經過兩日休養,四月感覺身體大好。既沒有落紅,也沒有流產,讓某些人大失所望。
身體一好,四月申請出府。
玉音沒有為難她,給她安排了一輛馬車,還有兩個侍衛。丫鬟茯苓肯定是要跟著的,四月半點不在意。
出了王府,感覺空氣都充滿了自由的味道。
她吩咐車夫,“去玄天觀。”
“袁姑娘要去觀里面燒香嗎?”茯苓好奇問道。
四月笑而不語,不作解釋。就當是去燒香吧。
一路順利來到玄天觀,下了馬車,四月直奔小道士而去,“小道長,我想求見空虛道長,煩請通報一聲。”
“善人稍等。”
“多謝道長。”
茯苓太好奇了,“袁姑娘認識這里的道士?”
四月笑了笑,“聽說過而已。今天過來,就是為了求個心安。”
茯苓半信半疑。
但她也沒有追問下去。
她只負責將看見的聽見的匯報上去,旁的事情她不用操心。
時間過得稍微久了點,空虛道長腳步沉穩地來到大殿。
“這位善人,聽說是你指名要見貧道?”
“見過空虛道長。我有些疑問,想請教道長。可有方便談話的地方?”
“這?請善人隨我來。”
“多謝道長。”
四月跟著空虛道長前往后面廂房,茯苓也要跟上卻被阻攔。
“我和道長有些話要談,你不方便在場。就在此處等我。”
“袁姑娘,這不合適。”茯苓很為難。
“沒什么不合適的,現在又不是在王府。”四月堅持,茯苓也沒辦法。
來到廂房,雙方各自端坐一側。
“無量天尊!不知善人有何疑問,請明言。”空虛道長一個稽首。
四月回了一個稽首,并細細觀察對方。太過穩重,太過端方,和她記憶中的空虛道長差別太大。

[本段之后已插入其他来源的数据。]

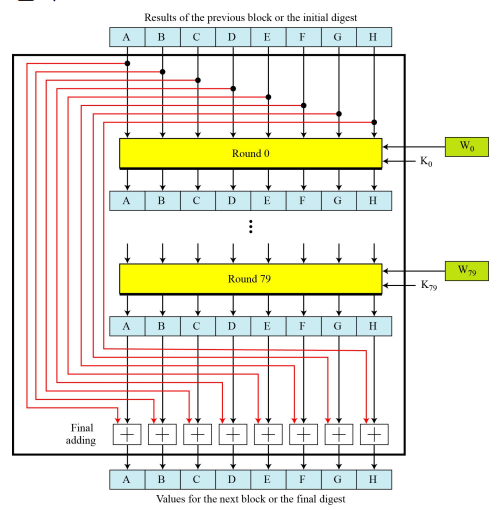 - SHA-512 에서는 round 수를 80으로 고정, 각 round 마다 사용될 80개의 word가 필요함

她心里頭一沉,試探著問道:“道長可知道臭豆腐的做法?”
“何為臭豆腐?”空虛道長很是疑惑。
四月一顆心再次一沉。
她定了定神,“敢問道長可會做豆腐?”
空虛道長微微頷首,“略知一二。聽聞有豆腐四月,傳授豆腐制作方法。貧道學會了,如今做的豆腐已經像模像樣。觀里的膳食也多了豆腐這道菜。”
四月面色一白,“道長可曾聽過這句話,開局地域模式?”
空虛道長皺眉深思,緩緩搖頭,“不曾聽過。善人在何處聽來的這話?”
“以前常聽一位友人說起此話。說起來,我這位友人同空虛道長十分有緣,不僅模樣差不多,就連法號也都一樣。”
四月快要哭了。
“哦?世上竟然還有如此巧合的事情。不知善人口中這位空虛道友,如今身在何處?我真想和他見一面。”空虛道長說著說著笑了起來。
四月卻想哭。
不是他!
不是她記憶中那個假道士,不是那個每天嘴巴不停,天天胡言亂語的空虛道長。不是那個教她做豆腐,教她讀書識字,教她見識世界,教她如何在亂世生存的人。
分明就是兩個人。雖然頂著同一張臉,但確確實實是兩個人。
難道假道士根本不在這方世界?亦或是,正在別處修行。
她埋下頭,心里難過得不行,眼淚控制不住的落下來。她一直有個猜測,她之所以能重生,全都緣于假道士。
她重生了,假道士卻不在。
她只想哭!
最痛最苦都要餓死的時候,她也不曾哭過。
偏偏這一刻,她哭了,無聲落淚。
空虛道長頓時慌亂無措,“善人,這是何故?為何哭泣?可是貧道說了什么不恰當的話?”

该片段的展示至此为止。